[GlobalFactSync] User Script, Data Browser, Reference web service - WMF Grant project - Wikitech-l

15 Aug 2019


      Dear all,
we would like to share consolidated updates for the GlobalFactSync (GFS) 
project with you (copied from 
https://meta.wikimedia.org/wiki/Grants:Project/DBpedia/GlobalFactSyncRE/News)
We polished everything for our presentation at Wikimania tomorrow: 
https://wikimania.wikimedia.org/wiki/2019:Technology_outreach_%26_innovation...
All feedback welcome!
-- Sebastian (with the team: Tina, Włodzimierz,  Krzysztof, Johannes and 
Marvin)
User Script, Data Browser, Reference web service (15. August 2019)

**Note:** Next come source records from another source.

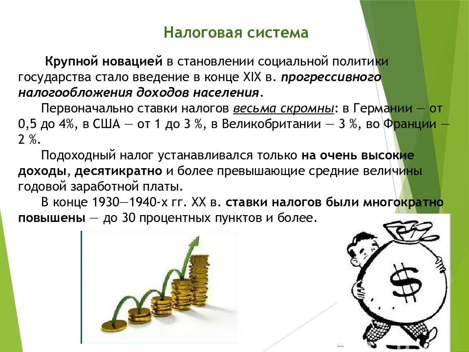 Крупной новацией в становлении социальной политики государства стало введение в конце XIX в. прогрессивного налогообложения доходов населения. Первоначально ставки налогов весьма скромны : в Германии — от 0,5 до 4%, в США — от 1 до 3 %, в Великобритании — 3 %, во Франции — 2 %. Подоходный налог устанавливался только на очень высокие доходы, десятикратно и более превышающие средние величины годовой заработной платы. В конце 1930—1940-х гг. XX в. ставки налогов были многократно повышены — до 30 процентных пунктов и более.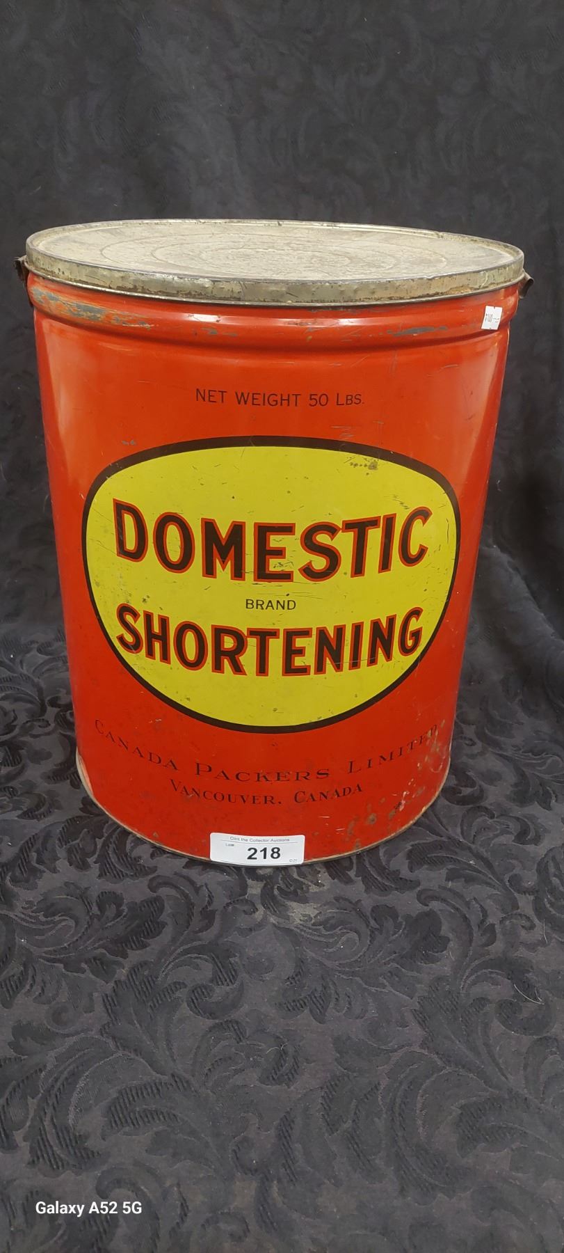 Large 1950s Domestic Shortening 5 gallon tin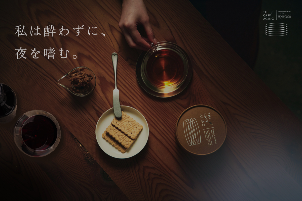 彼がお酒を飲む隣で、ノンアルコールのウイスキー 紅茶、THE CASK AGINGを飲んで、より一層リラックスする夜にしてほしいという想いを込めました。
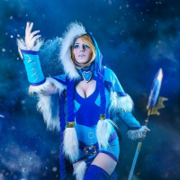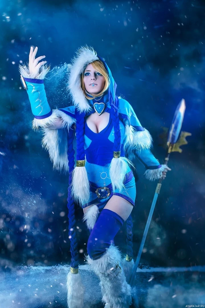 The image shows a person dressed in cosplay as Crystal Maiden from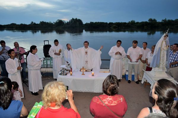El obispo diocesano, monseñor Adolfo Ramón Canecin, encabezó una procesión que se realizó desde la catedral hasta la costanera de Goya, con la imagen de la Virgen del Rosario, para elevar una plegaria para que baje el nivel del Río Paraná y cesen las inundaciones. Acompañado de sacerdotes y la masiva participación de los feligreses se realizó la celebración de la Santa Misa en la costa del río.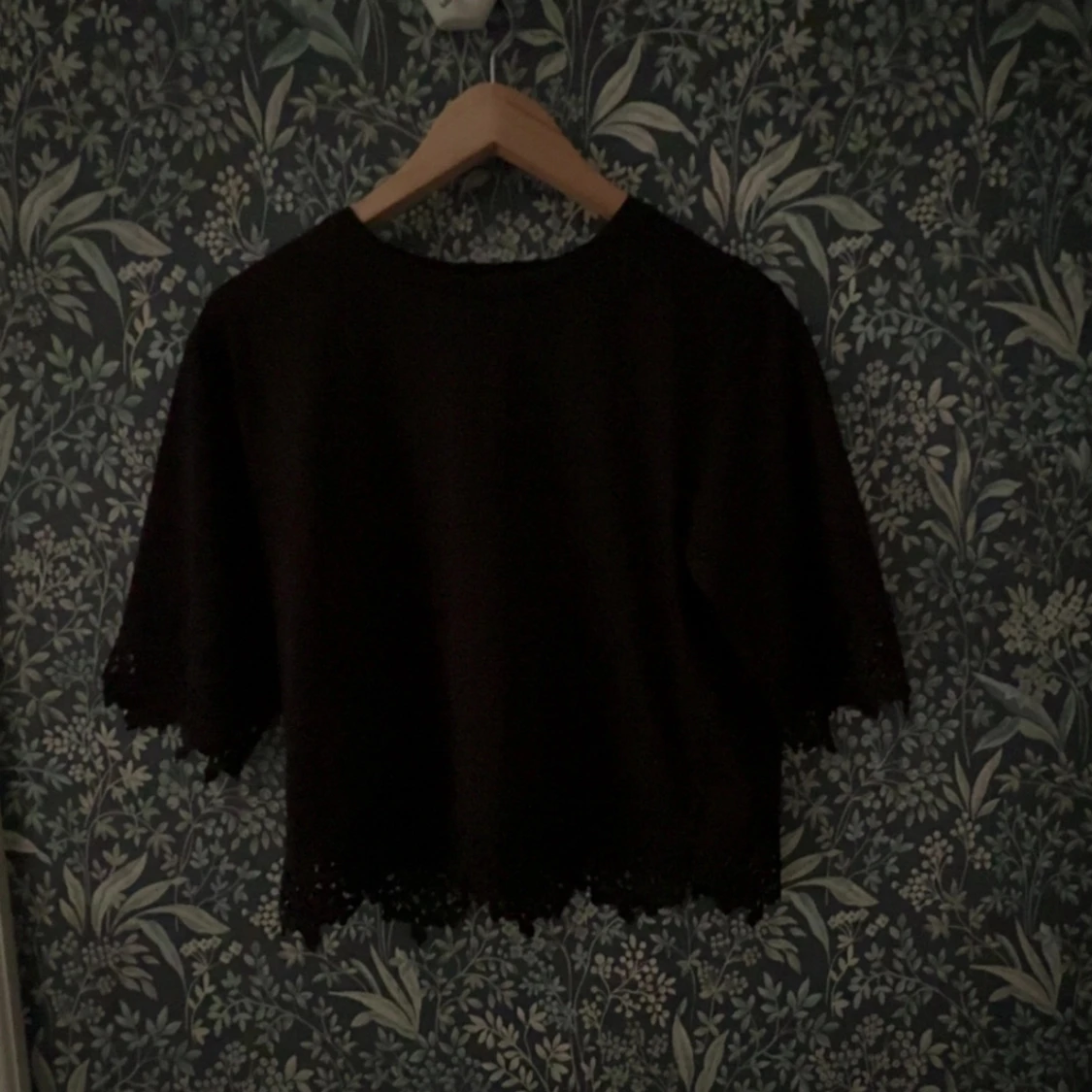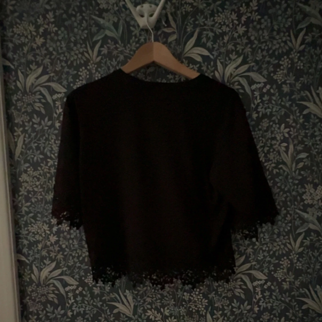 säljer denna supersnygga toppen från Zara med spetsdetaljer i storlek S! säljer pga att jag inte får användning av den längre! skriv för bättre bilder på eller om du har några frågor! 💗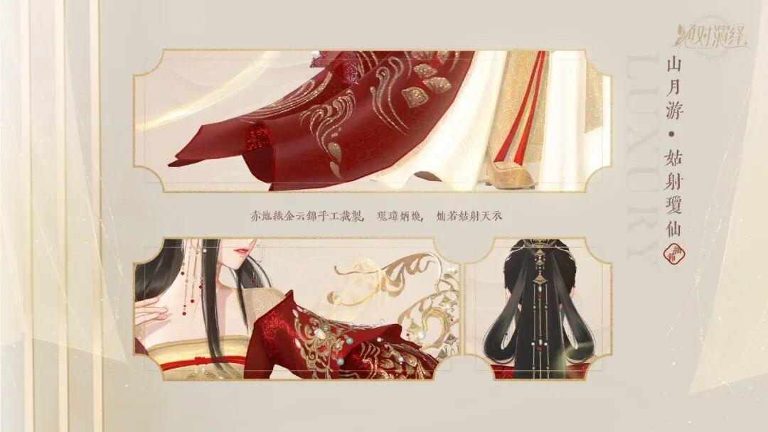 【姑射琼仙】华贵大气,如同灿阳披身。选用赤地织金云锦手工裁制,瑰玮炳焕,若姑射天衣。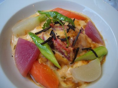 オマール海老のグラタン 玉葱のロワイヤル 季節の野菜トリュフ風味(海老がレアで美味しい)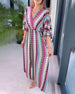SPECIFICATIES Stijl: Elegant Materiaal: katoenblends Type jurk: A-lijn Jurk lengte: Maxi Hals lijn: V-hals_V Patroon type: Afdrukken Mouw type: Normale mouw Mouw lengte: 3/4 mouw Pasvorm: Normaal Seizoen: Lente,Zomer Gelegenheid: Dagelijks Pakket bestaat uit: 1 x Jurk MAATTABEL (cm) Maat Borst Lengte S 95 128 M 100 129 L 105 130 XL 1...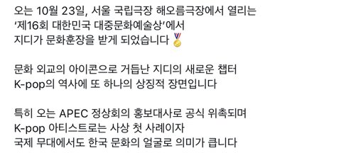 지디 2016년 국무총리상에 받고 2025 APEC 정상회의 홍보대사 선정에 이어서 올해 2025 문화훈장도 받는대..ㅈㄴ대단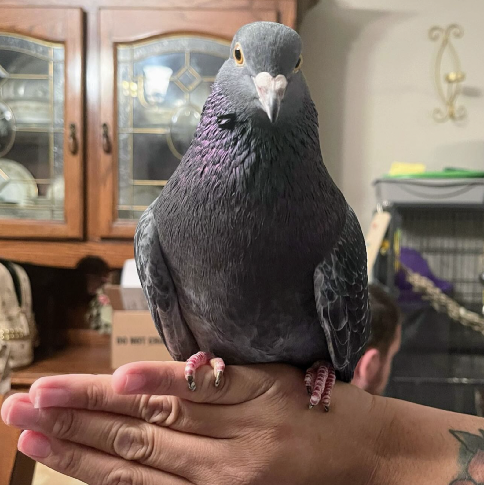 “Rasta was remarkably trusting of people right from the beginning, but he was terrified to explore his new world!” Chava Sonnier, president and cofounder of Great Lakes Pigeon Rescue, told The Dodo. “He was scared of toys, of his new soft bed, even of his food dish! When he was gently lifted out of his cage, he clung to the arms, shoulders, and laps of the volunteers giving him rehab care, afraid to be set down to walk around the house on his own.”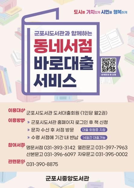 ‘동네서점 바로대출 서비스’ 참여 서점은 명문서점(산본천로 193), 산본문고(광정로 70), 열린문고(군포로464번길 2), 자유문고(산본천로 62) 등 모두 4곳이며, 방문하기 쉬운 서점을 지정해 서비스를 신청하면 된다.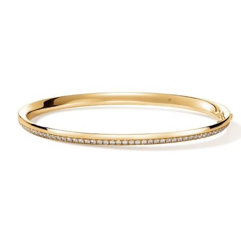 This 18kt yellow gold bangle features 45 round brilliant pave diamonds stationed along the bangle totaling .79ctw.
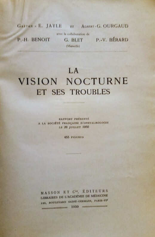par Gaëtan–E. Jayle et Albert – G. Ourgaud avec la collaboration de P.-H. Benoit; G. Blet et P.-V. Bérard – Rapport présenté à la Société Française d'Ophtalmologie le 20 juillet 1950. Illustré de 455 figures. Paris, Masson et Cie, éditeurs, 1950. Grand in-8 (25x3,5x16,5cm) broché. VIII,863pp.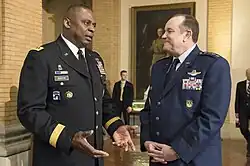 Supreme Allied Commander Europe General Philip M. Breedlove with commander of Central Command General Lloyd Austin during strategic dialogue meeting at the National War College, May 8, 2014.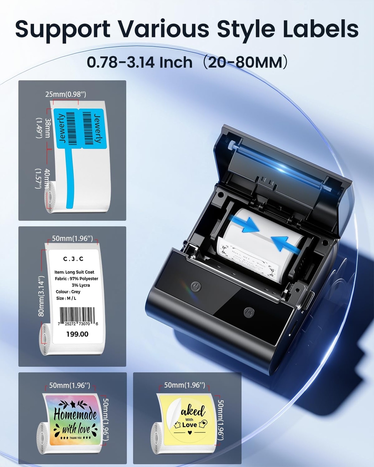 Label Maker, M260 Bluetooth Label Printer, Easy to Use 3 Inch Barcode Printer, Compatible with Phones & Laptop, for Home, Office, Business, Black Product Details Brand: Ponek Connectivity Technology: Bluetooth, USB Printing Technology: Thermal Special Feature: Portable, Bluetooth Color: Black Model Name: M260-BK Printer Output: Monochrome Max Printspeed Monochrome: 20 ppm Product Dimensions: 4.72"D x 2.64"W x 5.1"H Controller Type: iOS, Android Printer Media Size Maximum: 72 mm Included Components: Paper Print media: Labels Max Input Sheet Capacity: 50 Max Copy Speed (Black & White): 2E+1 ppm Compatible Devices: Smartphones, PC, Laptops Sheet Size: 72 Millimeters Dual-sided printing: No Duplex: Simplex Hardware Interface: Bluetooth, USB Ink Color: Black Additional Printer functions: Print Only Control Method: App Output sheet capacity: 50 Series Number: 260 Total USB Ports: 1 Model Series: M260 Specific Uses For Product: Label Printing, Receipt Printing Product Dimensions: 4.72 x 2.64 x 5.1 inches Item Weight: 1.23 pounds Item model number: M260 Batteries: 1 Lithium Polymer batteries required. (included) Date First Available: August 6, 2024 Manufacturer: Ponek Country of Origin: China 2025 Ponek's Flagship: Compared with other label maker, Ponek M260 thermal label maker has improved the issue of print content shifting or being omitted, and has been upgraded to fixed center symmetric paper output, which can secure labels of various sizes. The Ponek M260 label printer comes with 100pcs of 1.57" x 1.18" label paper rolls Various Sizes of Labels: This address label maker supports printing labels with widths from 0.78 inches to 3 inches, making it suitable for small and large labels, barcodes, QR codes, addresses, names, clothing tags, mail, canning labels, food labels, etc. M260 barcode printer is ideal for home, stores, schools, and small businesses. (Note: bluetooth label maker cannot print 4 x 6-inch shipping labels) Multifunctional App: This address label printer is compatible with the Print Master App. The app includes a variety of features such as text, images, barcodes, QR codes, OCR, forms, thousands of icons, and numerous pre-made templates for both business and home use. The Ponek barcode label printer improves your efficiency in work and life Compatible with Multiple Devices: This Bluetooth label maker machine is compatible with most mobile phones and computer devices. When using a smartphone, you need to connect to the app via Bluetooth and is compatible with both iOS and Android systems. When using a computer, you need to connect with a USB cable and download the driver from the specified website to use it with Windows, Linux, Windows-ARM, Mac, and Chrome OS Portable Label Maker: The Ponek M260 thermal label printer measures 4.72 x 5.1 x 2.64 inches and weighs 413 grams. Equipped with a built-in 2200 mAh rechargeable battery, this compact logo printer is convenient for carrying on business trips and allows for printing anytime, anywhere

After the Kick-Off note end of July 
https://meta.wikimedia.org/wiki/Grants:Project/DBpedia/GlobalFactSyncRE/News#Kick-off_note_(25._Juli_2019), 
which described our first edit and the concept better, we shaped the 
technical microservices and data into more concise tools that are easier 
to use and demo during our Wikimania presentation 
https://wikimania.wikimedia.org/wiki/2019:Technology_outreach_%26_innovation/GlobalFactSync:
1. User Script https://en.wikipedia.org/wiki/User_scripts available
    at User:JohannesFre/global.js
    https://meta.wikimedia.org/wiki/User:JohannesFre/global.js shows
    links from each article and Wikidata to the Data Browser and
    Reference Web Service
    https://meta.wikimedia.org/wiki/User:JohannesFre/global.js
1.
    User Script Linking to the GFS Data Browser
 2. GFS Data Browser https://global.dbpedia.org/ Github
    https://github.com/dbpedia/gfs now accepts any URI in subject from
    Wikipedia, DBpedia or Wikidata, see the Boys Don't Cry example from
    Kick-Off Note
    https://global.dbpedia.org/?s=https%3A%2F%2Fglobal.dbpedia.org%2Fid%2F2nrbo&p=http%3A%2F%2Fdbpedia.org%2Fontology%2FreleaseDate&src=general,
    Berlin/Geo-coords lat
    https://global.dbpedia.org/?s=https%3A%2F%2Fglobal.dbpedia.org%2Fid%2F4pafr&p=http%3A%2F%2Fwww.w3.org%2F2003%2F01%2Fgeo%2Fwgs84_pos%23lat&src=general
    long
    https://global.dbpedia.org/?s=https%3A%2F%2Fglobal.dbpedia.org%2Fid%2F4pafr&p=http%3A%2F%2Fwww.w3.org%2F2003%2F01%2Fgeo%2Fwgs84_pos%23long&src=general,
    Albert Einstein's Religion
    https://global.dbpedia.org/?s=https%3A%2F%2Fglobal.dbpedia.org%2Fid%2F55LmB&p=http%3A%2F%2Fdbpedia.org%2Fontology%2Freligion&src=general.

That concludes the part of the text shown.